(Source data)
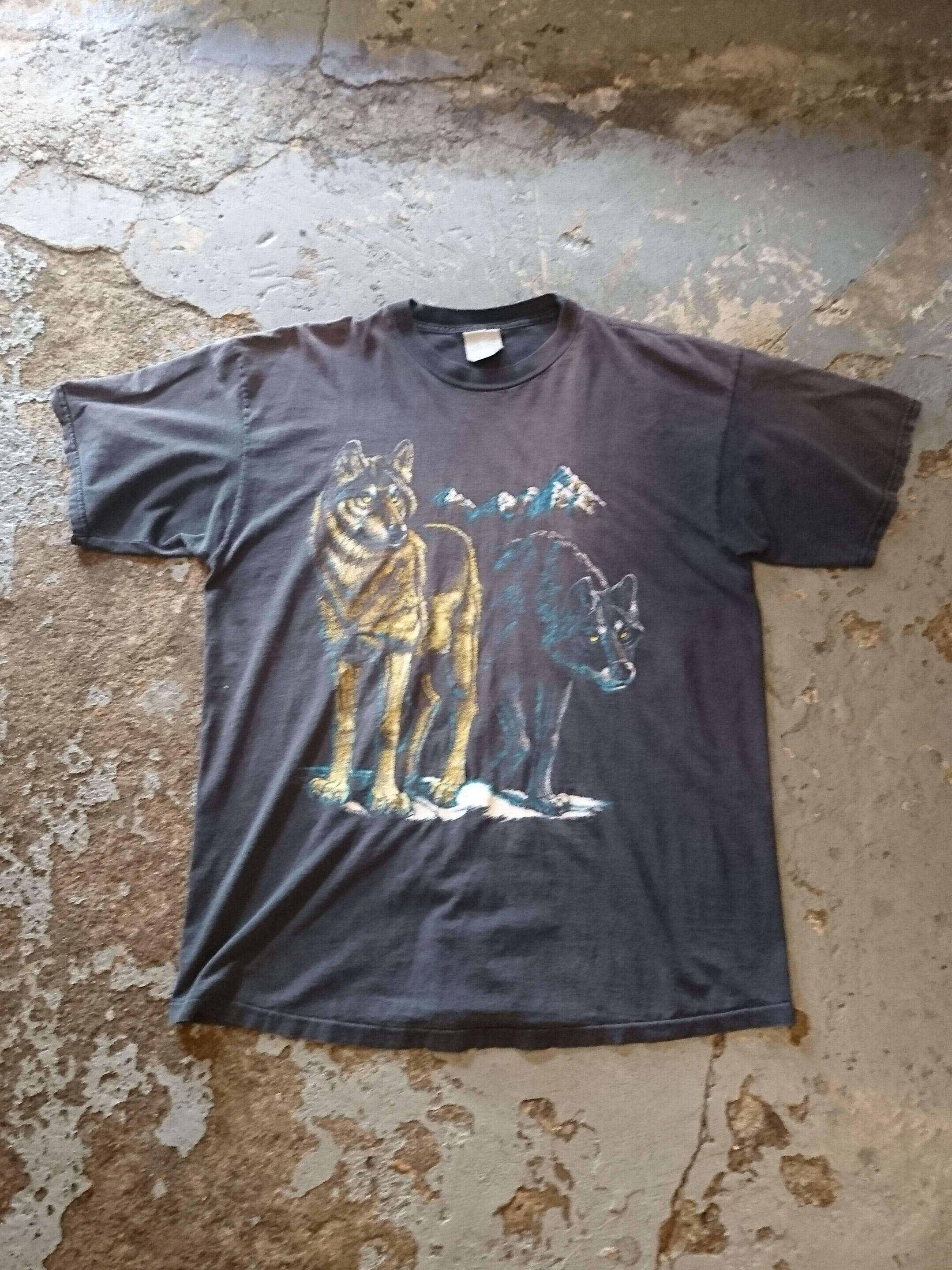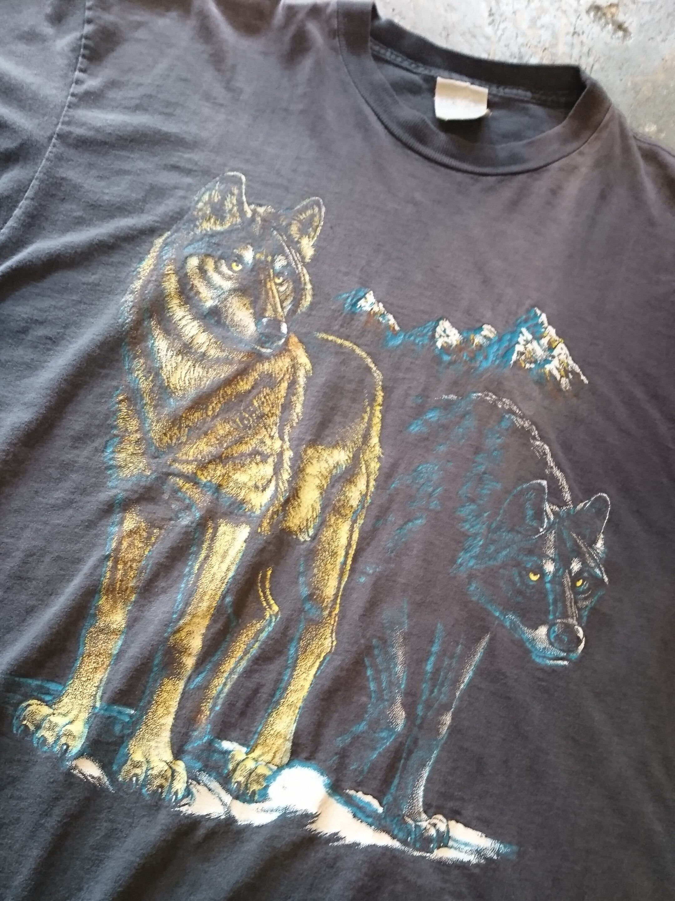 数ある動物のプリントTシャツ。何故狼のプリント?って思う方もいてるかもしれませんが単純に格好良いからです。何百枚あるTシャツのなかから
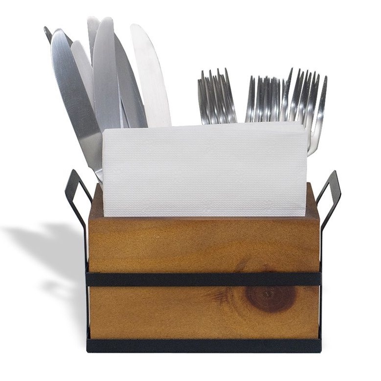 Porta Talheres e Guardanapo de Mesa Organizador de Talheres Rústico Madeira Mesa Posta Faqueiro
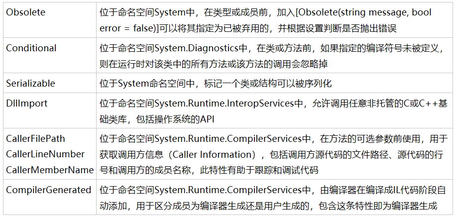 使用特性Attribute可以将描述程序集的信息和描述程序集中任何类型和成员的信息添加到程序集的元数据和IL代码中程序可以在运行时通过反射获取到这些信息
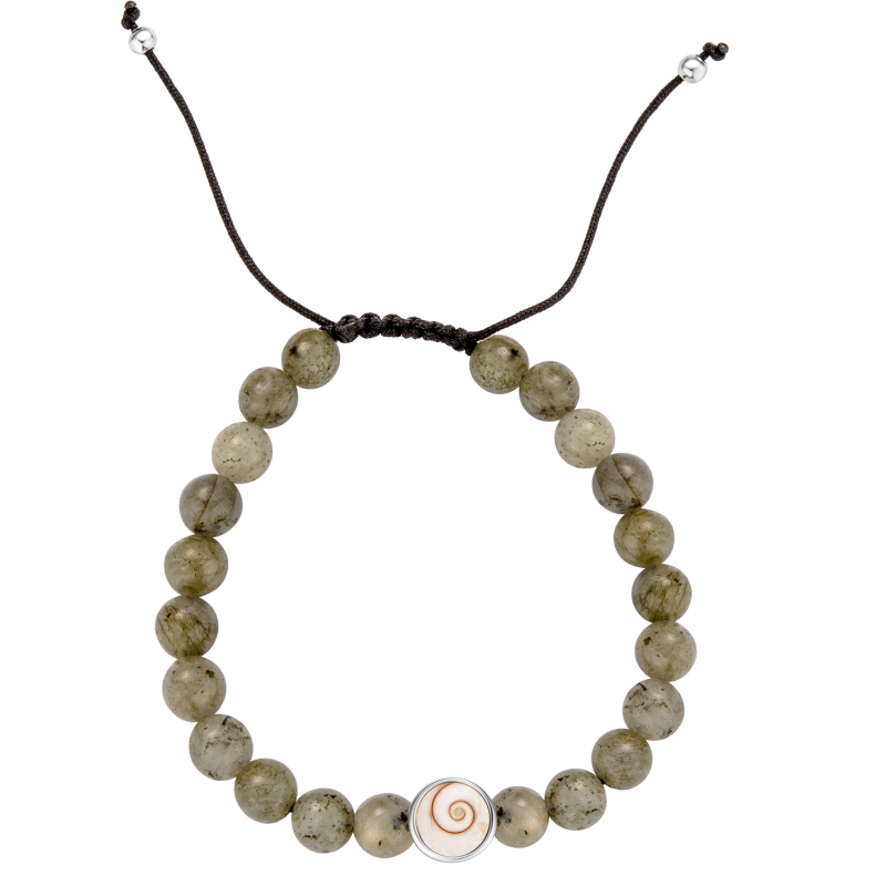 Monté sur un cordon en coton gris, ce bracelet à coulisse s’ajuste en un geste et accompagne naturellement chaque mouvement. Au centre, un véritable œil de Sainte Lucie de Méditerranée attire le regard, rehaussé par la labradorite et ses nuances irisées, entre bleu et vert, comme un horizon qui se transforme selon la lumière. Léger (4 g) et agréable à porter, il se glisse facilement dans le quotidien, seul ou en accumulation.
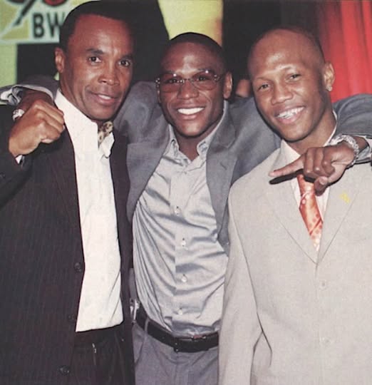 まず向かって左側が80年代のボクシング界と言うか、ボクシング界のスーパースターの1人のシュガー・レイ・レナードです。そして真ん中が現代ボクシング史上最高峰と言ってもいい(にっくき)フロイド・メイ・ウェザーです。個人的には人として好きになれませんが、父親がチャベスに負けた試合を目の前で見ながら育って来てそれらの思いを親子で胸に秘めながらずっとボクシングに接して生きて来たのかな等と思うと少しは同情する部分もあるのかも知れませんが・・・
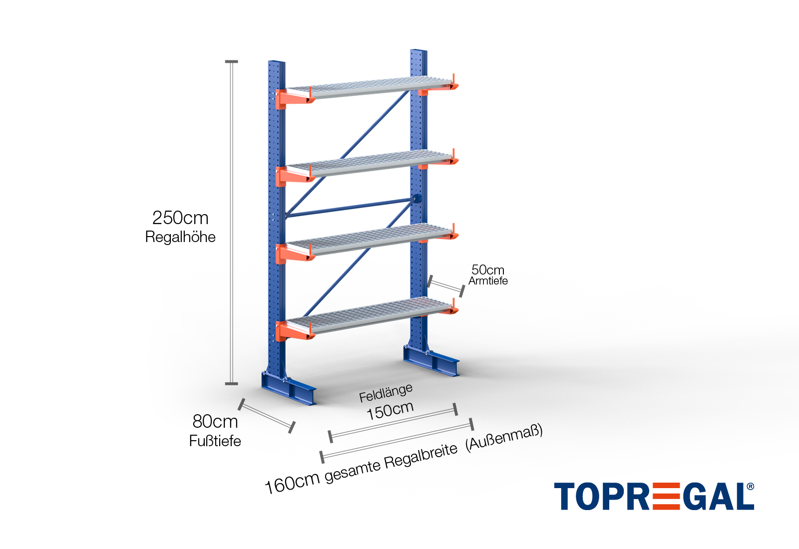 1,6 m cantilever rack KR3000 / Painted / One-sided / 2,5 m high / 4 levels / 50 cm cantilever depth / rack layer Galvanised mesh
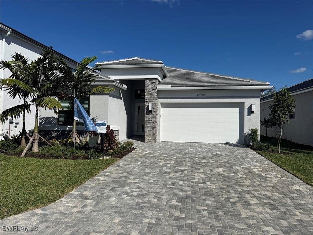 This brand new “Acadia” home will be ready in September or October. It’s in RiverCreek, the most popular new neighborhood in Estero. This home has Impact Windows, 2 bedrooms, a den, 2 bathrooms, and a 2-car garage. It has a big open space with the kitchen, dining, and living room all looking out to the backyard. The kitchen has shiny stainless steel appliances and pretty quartz countertops. The main bedroom has two big closets (one for him and one for her) and a bathroom with two sinks. RiverCreek is close to lots of stores and restaurants. The neighborhood has a huge clubhouse that’s 12,000 square feet with tons of fun things to do like a pool, fire pit, gym, indoor sports, card room, game room, tennis, pickleball, splash park, and a playground for kids.

Problem to solve: For every line above, produce an exact transcription that omits the images.

Expected answer:
 数ある動物のプリントTシャツ。何故狼のプリント?って思う方もいてるかもしれませんが単純に格好良いからです。何百枚あるTシャツのなかから
 Porta Talheres e Guardanapo de Mesa Organizador de Talheres Rústico Madeira Mesa Posta Faqueiro
 使用特性Attribute可以将描述程序集的信息和描述程序集中任何类型和成员的信息添加到程序集的元数据和IL代码中程序可以在运行时通过反射获取到这些信息
 Monté sur un cordon en coton gris, ce bracelet à coulisse s’ajuste en un geste et accompagne naturellement chaque mouvement. Au centre, un véritable œil de Sainte Lucie de Méditerranée attire le regard, rehaussé par la labradorite et ses nuances irisées, entre bleu et vert, comme un horizon qui se transforme selon la lumière. Léger (4 g) et agréable à porter, il se glisse facilement dans le quotidien, seul ou en accumulation.
 まず向かって左側が80年代のボクシング界と言うか、ボクシング界のスーパースターの1人のシュガー・レイ・レナードです。そして真ん中が現代ボクシング史上最高峰と言ってもいい(にっくき)フロイド・メイ・ウェザーです。個人的には人として好きになれませんが、父親がチャベスに負けた試合を目の前で見ながら育って来てそれらの思いを親子で胸に秘めながらずっとボクシングに接して生きて来たのかな等と思うと少しは同情する部分もあるのかも知れませんが・・・
 1,6 m cantilever rack KR3000 / Painted / One-sided / 2,5 m high / 4 levels / 50 cm cantilever depth / rack layer Galvanised mesh
 This brand new “Acadia” home will be ready in September or October. It’s in RiverCreek, the most popular new neighborhood in Estero. This home has Impact Windows, 2 bedrooms, a den, 2 bathrooms, and a 2-car garage. It has a big open space with the kitchen, dining, and living room all looking out to the backyard. The kitchen has shiny stainless steel appliances and pretty quartz countertops. The main bedroom has two big closets (one for him and one for her) and a bathroom with two sinks. RiverCreek is close to lots of stores and restaurants. The neighborhood has a huge clubhouse that’s 12,000 square feet with tons of fun things to do like a pool, fire pit, gym, indoor sports, card room, game room, tennis, pickleball, splash park, and a playground for kids.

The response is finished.